• **DESCRIPTION OF THE TASK**: Please transcribe the lines below exactly, and leave every image behind.

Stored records
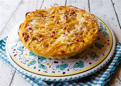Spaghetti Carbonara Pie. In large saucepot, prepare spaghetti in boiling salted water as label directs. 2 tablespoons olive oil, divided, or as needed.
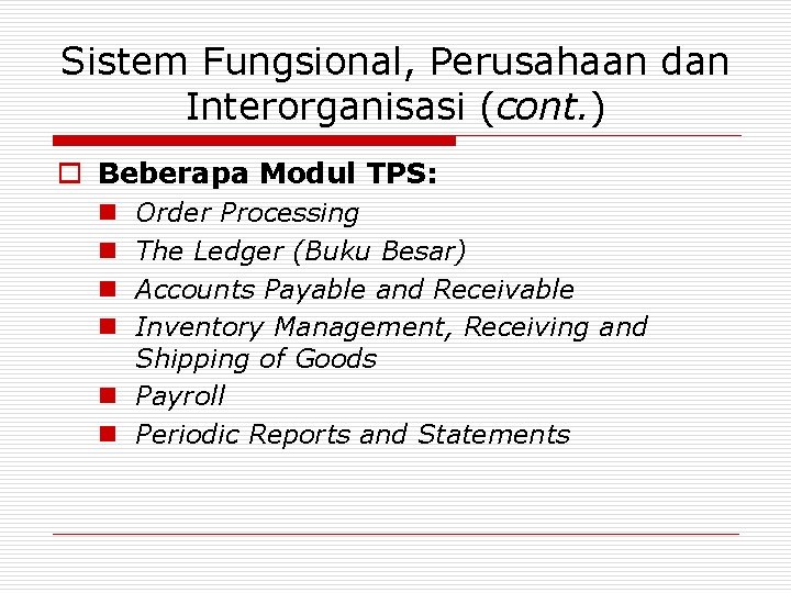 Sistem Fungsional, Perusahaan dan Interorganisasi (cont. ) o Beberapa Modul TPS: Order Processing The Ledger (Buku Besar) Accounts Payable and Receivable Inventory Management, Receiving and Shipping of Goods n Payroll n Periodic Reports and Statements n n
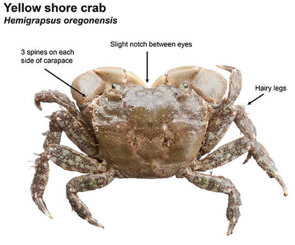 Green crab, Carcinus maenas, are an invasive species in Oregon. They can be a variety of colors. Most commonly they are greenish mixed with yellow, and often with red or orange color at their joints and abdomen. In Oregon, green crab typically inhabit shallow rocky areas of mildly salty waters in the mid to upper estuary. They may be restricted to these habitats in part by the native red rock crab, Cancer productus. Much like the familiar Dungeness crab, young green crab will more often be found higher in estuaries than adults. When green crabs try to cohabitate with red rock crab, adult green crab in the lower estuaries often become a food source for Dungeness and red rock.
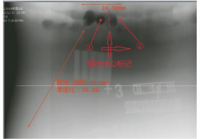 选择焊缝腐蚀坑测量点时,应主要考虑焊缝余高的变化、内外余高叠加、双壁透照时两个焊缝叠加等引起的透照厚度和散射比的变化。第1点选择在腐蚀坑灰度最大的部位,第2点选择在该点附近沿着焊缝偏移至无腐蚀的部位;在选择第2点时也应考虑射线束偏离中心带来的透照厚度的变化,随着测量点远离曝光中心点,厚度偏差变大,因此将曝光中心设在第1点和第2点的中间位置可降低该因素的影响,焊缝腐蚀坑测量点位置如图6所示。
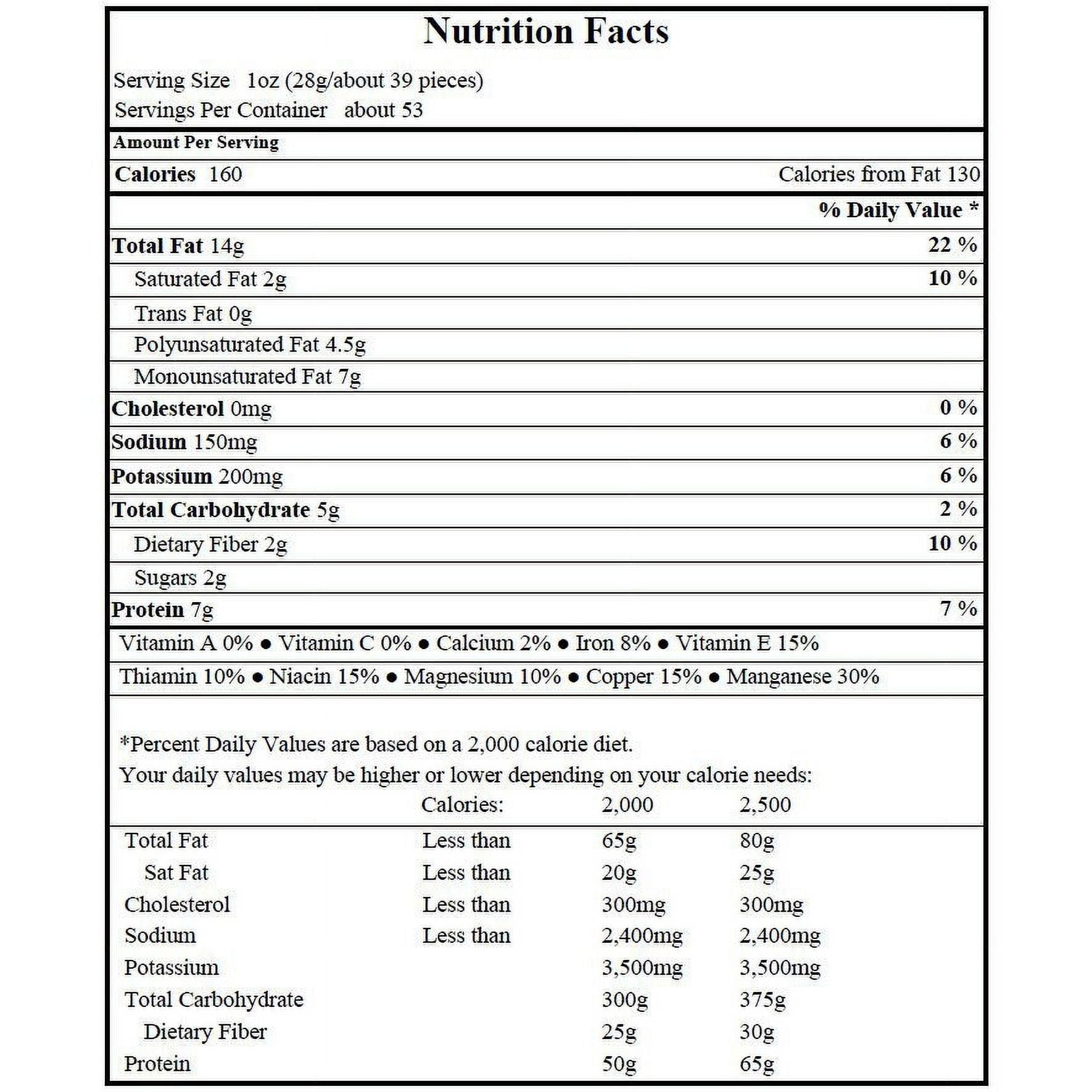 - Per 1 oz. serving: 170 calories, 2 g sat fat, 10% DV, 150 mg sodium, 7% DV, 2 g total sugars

• **TASK SOLUTION**:
Spaghetti Carbonara Pie. In large saucepot, prepare spaghetti in boiling salted water as label directs. 2 tablespoons olive oil, divided, or as needed.
 Sistem Fungsional, Perusahaan dan Interorganisasi (cont. ) o Beberapa Modul TPS: Order Processing The Ledger (Buku Besar) Accounts Payable and Receivable Inventory Management, Receiving and Shipping of Goods n Payroll n Periodic Reports and Statements n n
 Green crab, Carcinus maenas, are an invasive species in Oregon. They can be a variety of colors. Most commonly they are greenish mixed with yellow, and often with red or orange color at their joints and abdomen. In Oregon, green crab typically inhabit shallow rocky areas of mildly salty waters in the mid to upper estuary. They may be restricted to these habitats in part by the native red rock crab, Cancer productus. Much like the familiar Dungeness crab, young green crab will more often be found higher in estuaries than adults. When green crabs try to cohabitate with red rock crab, adult green crab in the lower estuaries often become a food source for Dungeness and red rock.
 选择焊缝腐蚀坑测量点时,应主要考虑焊缝余高的变化、内外余高叠加、双壁透照时两个焊缝叠加等引起的透照厚度和散射比的变化。第1点选择在腐蚀坑灰度最大的部位,第2点选择在该点附近沿着焊缝偏移至无腐蚀的部位;在选择第2点时也应考虑射线束偏离中心带来的透照厚度的变化,随着测量点远离曝光中心点,厚度偏差变大,因此将曝光中心设在第1点和第2点的中间位置可降低该因素的影响,焊缝腐蚀坑测量点位置如图6所示。
 - Per 1 oz. serving: 170 calories, 2 g sat fat, 10% DV, 150 mg sodium, 7% DV, 2 g total sugars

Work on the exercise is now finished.